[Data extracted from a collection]

▽

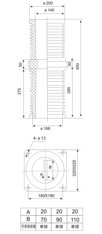 TG3-35Q/180×180  穿墙套管适用于额定电压(10~35)kV, 频率(15~60)Hz的三相交流系统电站和变电所配电装置上 ,供导电部分穿过隔板、墙壁或其它接地物,起绝缘支持和外部导线(母线)间固定连接之用。
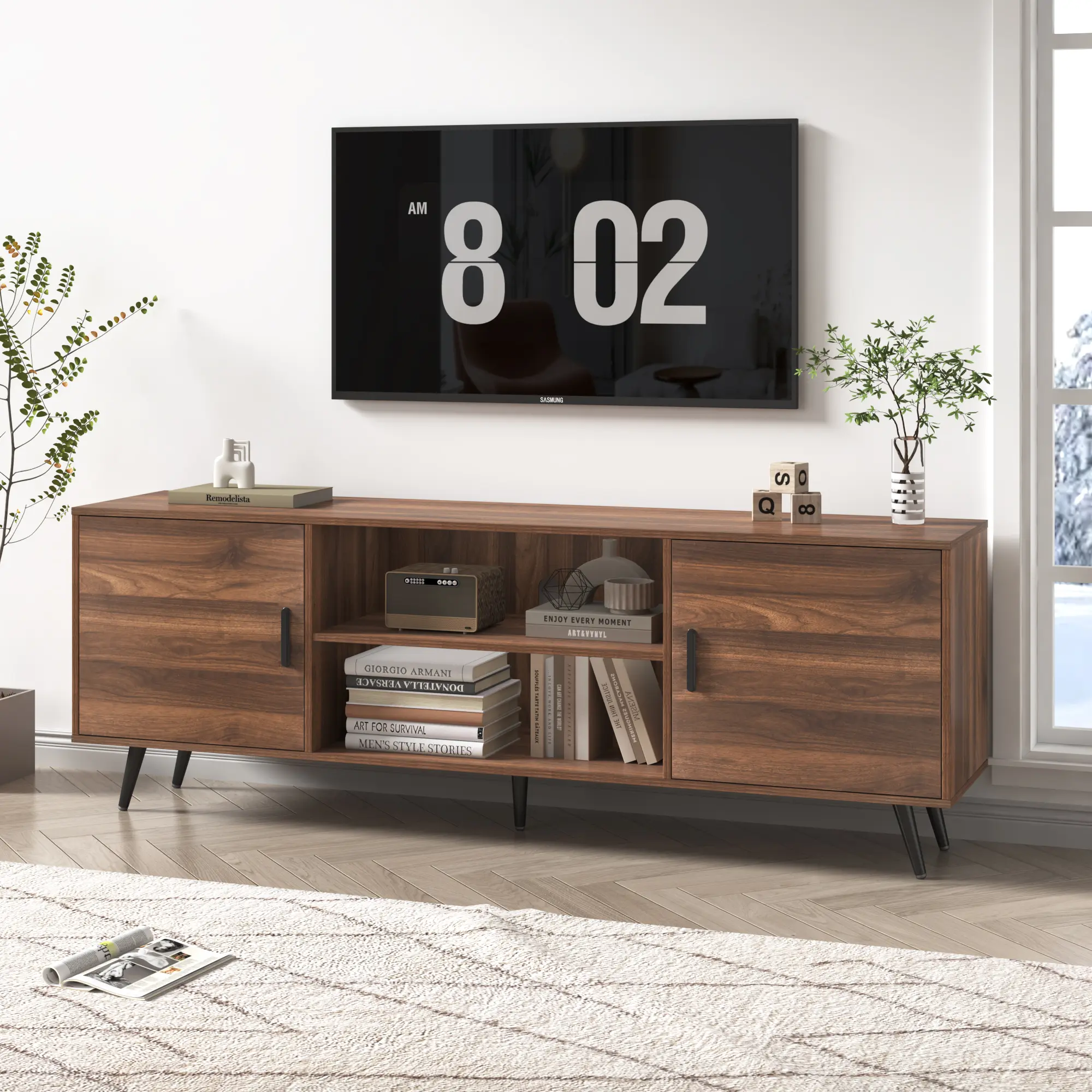 2. Modern Mid Century TV Stand: Featuring a classic two-door design with a mid century look and pine legs, the simple lines of the long TV stand design can easily be incorporated into a variety of decorative aesthetics to enhance the look of any room.
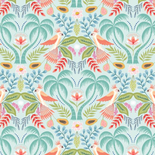 A887C Paradise on Aqua, Paradise by Lewis & Irene features palm trees, tropical birds and fruits on an aqua background.
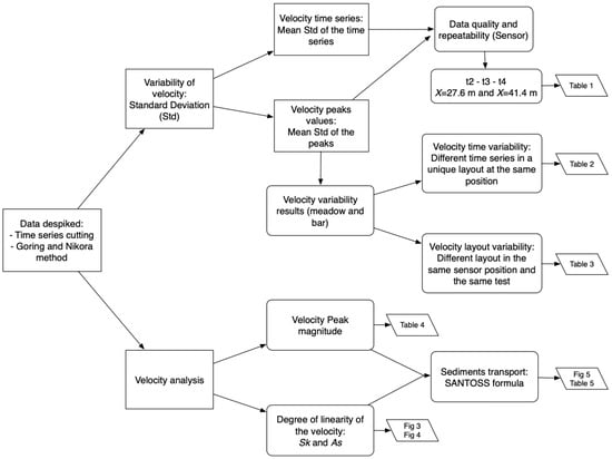 The data processing was carried out according to the diagram in Figure 3. All ADV time series were processed, and spike noise was eliminated using the method developed by []. The time interval between 0.5 and 25.5 min was considered, discarding the initial and final values of each series (Time series cutting). The velocity values were cleaned after considering the amplitude, signal-to-noise ratio, and correlation of the acquired signal. All values that presented an amplitude value lower than 75, a signal-to-noise ratio lower than 15 dB, and a correlation lower than 70% were discarded, and NaN values were inserted into those time series. In addition, velocity values that exceeded 4 times the standard deviation of the average for the series were eliminated following the works of [,].
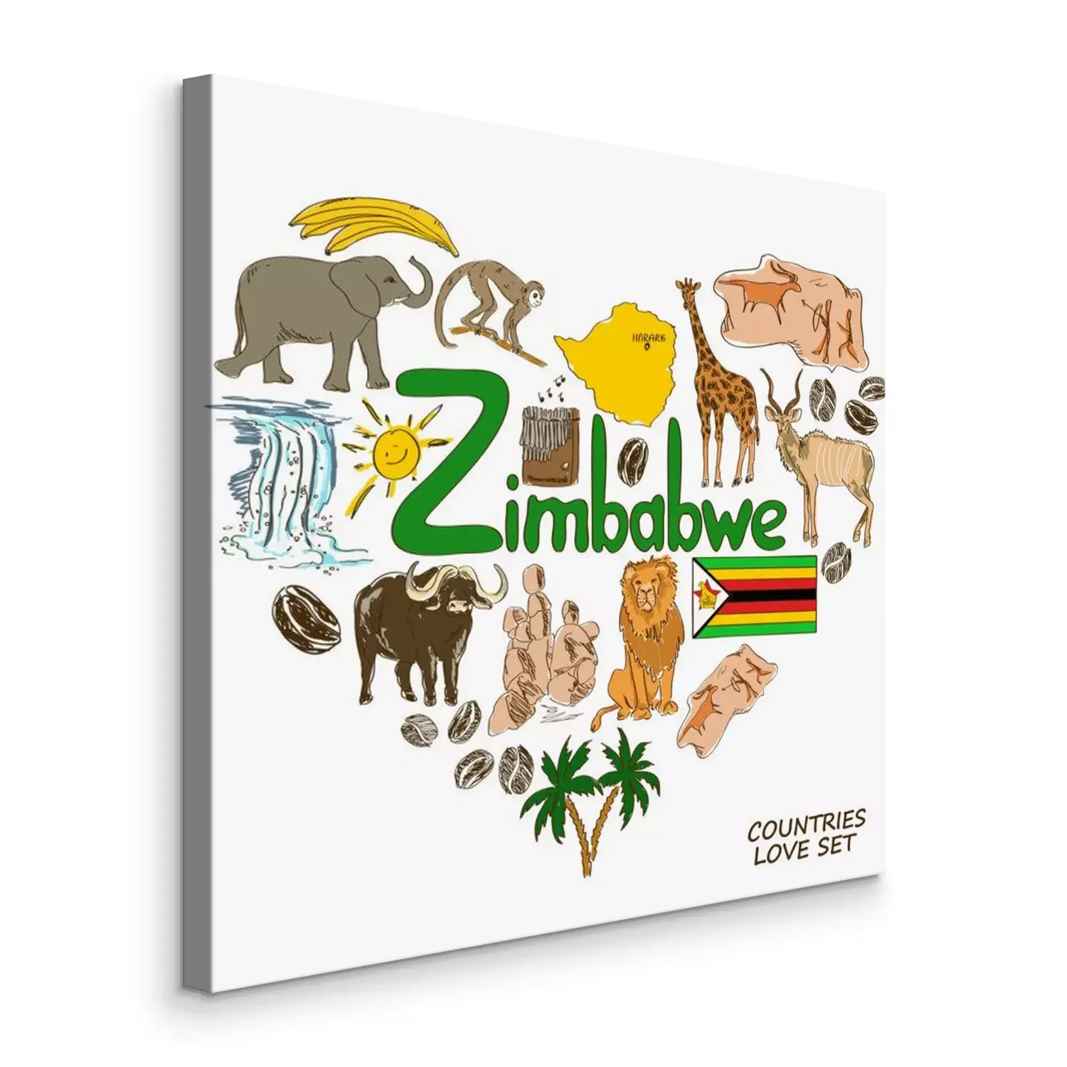 Canvas Zimbabwe symbolen in hartvorm begrip
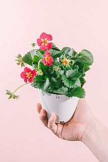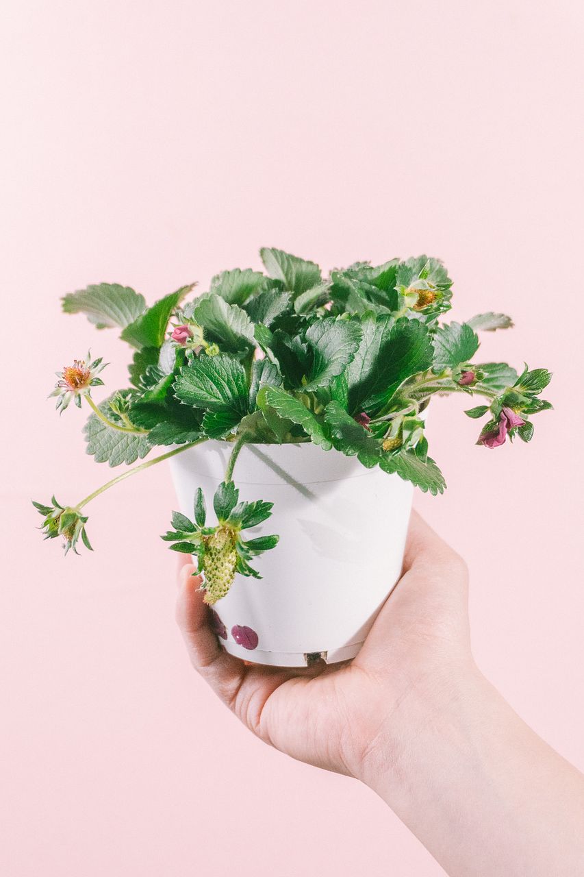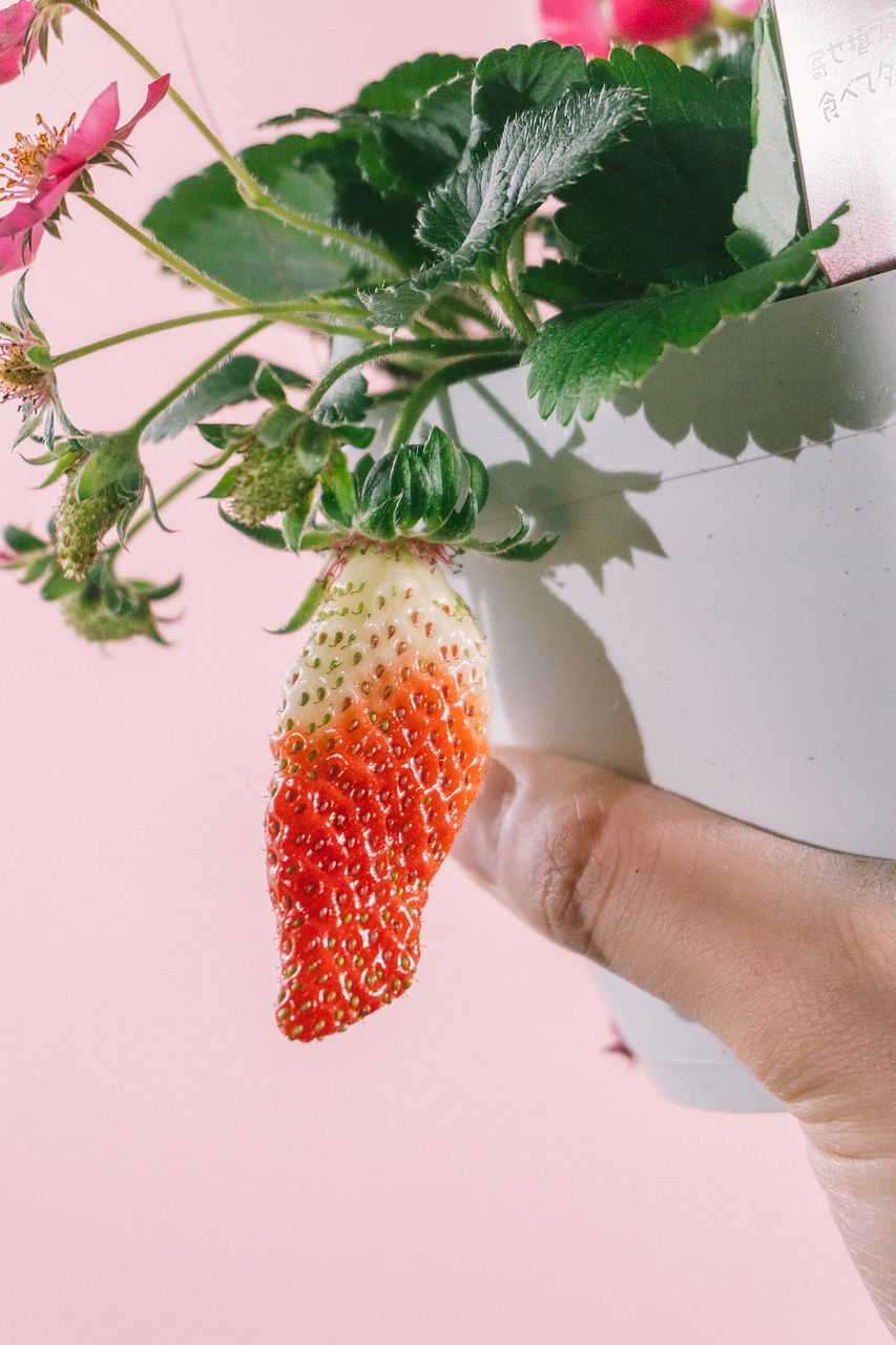 四季咲きいちごはフルーツとしてだけでなく、グリーンとしても楽しめる可愛らしい姿。季節のインテリアにもぴったりです。
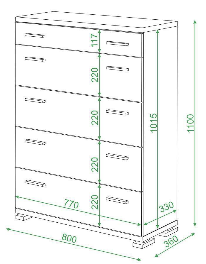 В комоде 4 больших ящика и 1 маленький для мелочей
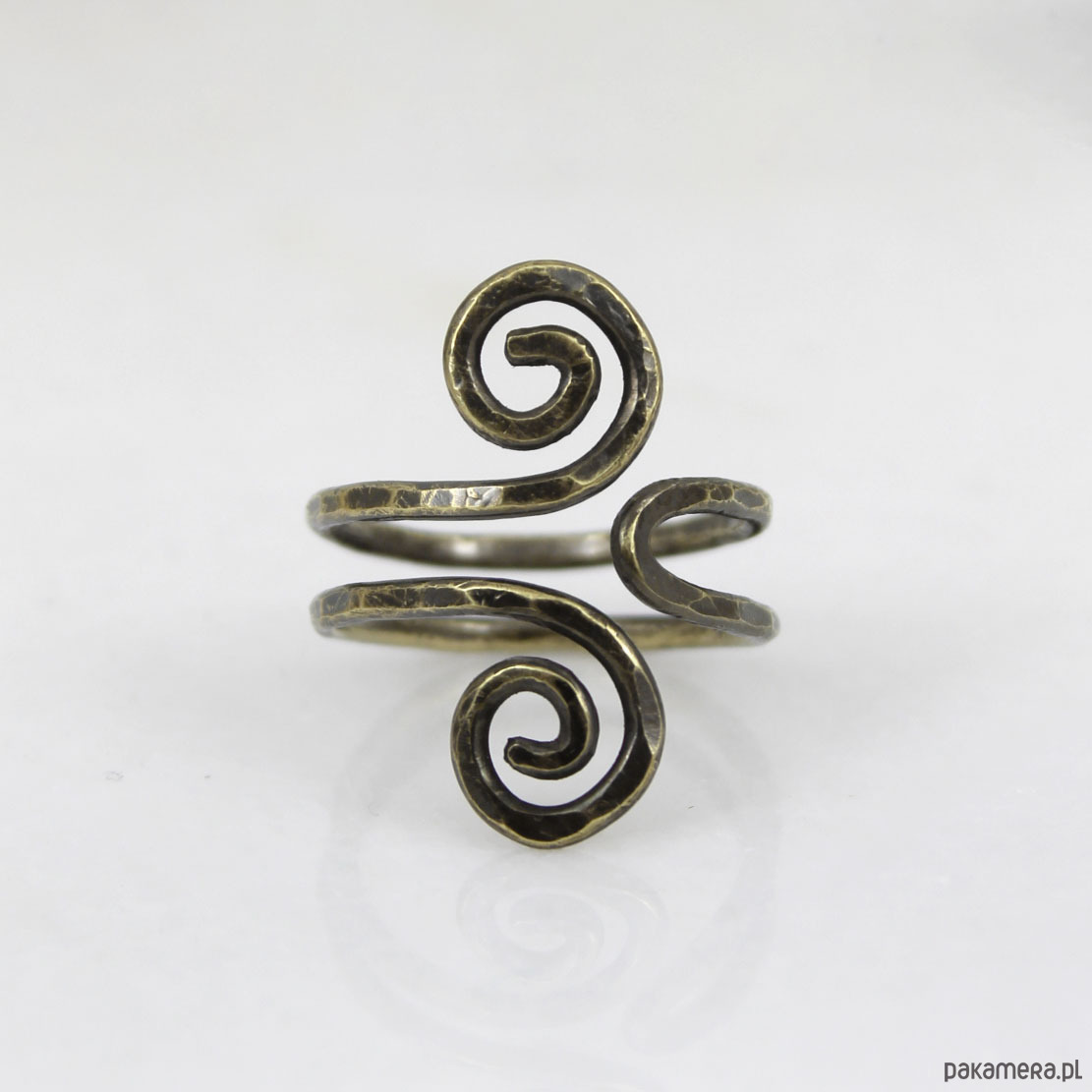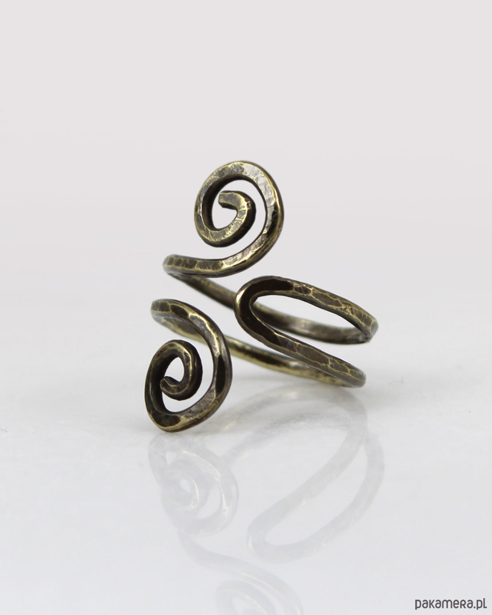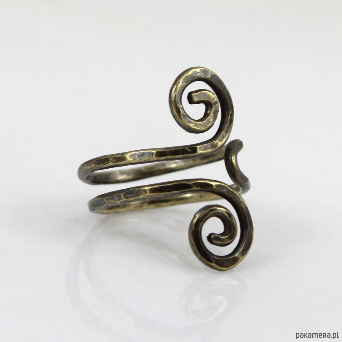 Mosiężny pierścionek luźno inspirowany dawną biżuterią słowiańską.
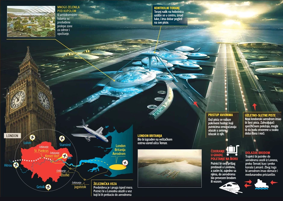 Na veštačkom ostrvu na ušću Temze, 75 km istočno od Londona, trebalo bi da nikne aerodrom budućnosti. Projekat, ploveći aerodrom London Britanija, posebno je želja gradonačelnika Londona Borisa Džonsona.
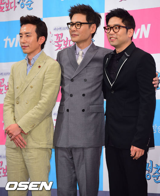28일 오후 서울 강남구 임피리얼 팰리스 호텔에서 진행된 tvN '꽃보다 청춘' 제작발표회에서 유희열과 윤상, 이적이 포즈를 취하고 있다
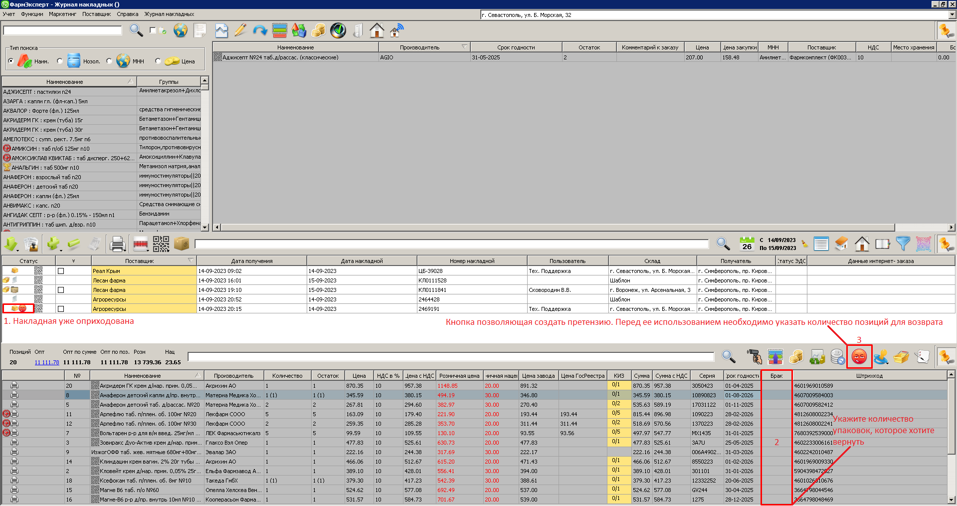 Если при приемке товара возникли основания для его возврата поставщику, то можно использовать функционал работы с претензиями. Для этого, уже после оприходования накладной (1), в одной из колонок брак/бой/недостача (2), укажите количество, которое нужно вернуть (это количество станет зарезервированным, чтобы никто не мог продать/списать/переместить его).

△

> **WORK ORDER**
Copy exactly the lines from the line that contains "The data processing" through the last line of the records above, both ends included, but leave out the pictures.

> **RESPONSE**
 The data processing was carried out according to the diagram in Figure 3. All ADV time series were processed, and spike noise was eliminated using the method developed by []. The time interval between 0.5 and 25.5 min was considered, discarding the initial and final values of each series (Time series cutting). The velocity values were cleaned after considering the amplitude, signal-to-noise ratio, and correlation of the acquired signal. All values that presented an amplitude value lower than 75, a signal-to-noise ratio lower than 15 dB, and a correlation lower than 70% were discarded, and NaN values were inserted into those time series. In addition, velocity values that exceeded 4 times the standard deviation of the average for the series were eliminated following the works of [,].
 Canvas Zimbabwe symbolen in hartvorm begrip
 四季咲きいちごはフルーツとしてだけでなく、グリーンとしても楽しめる可愛らしい姿。季節のインテリアにもぴったりです。
 В комоде 4 больших ящика и 1 маленький для мелочей
 Mosiężny pierścionek luźno inspirowany dawną biżuterią słowiańską.
 Na veštačkom ostrvu na ušću Temze, 75 km istočno od Londona, trebalo bi da nikne aerodrom budućnosti. Projekat, ploveći aerodrom London Britanija, posebno je želja gradonačelnika Londona Borisa Džonsona.
28일 오후 서울 강남구 임피리얼 팰리스 호텔에서 진행된 tvN '꽃보다 청춘' 제작발표회에서 유희열과 윤상, 이적이 포즈를 취하고 있다
 Если при приемке товара возникли основания для его возврата поставщику, то можно использовать функционал работы с претензиями. Для этого, уже после оприходования накладной (1), в одной из колонок брак/бой/недостача (2), укажите количество, которое нужно вернуть (это количество станет зарезервированным, чтобы никто не мог продать/списать/переместить его).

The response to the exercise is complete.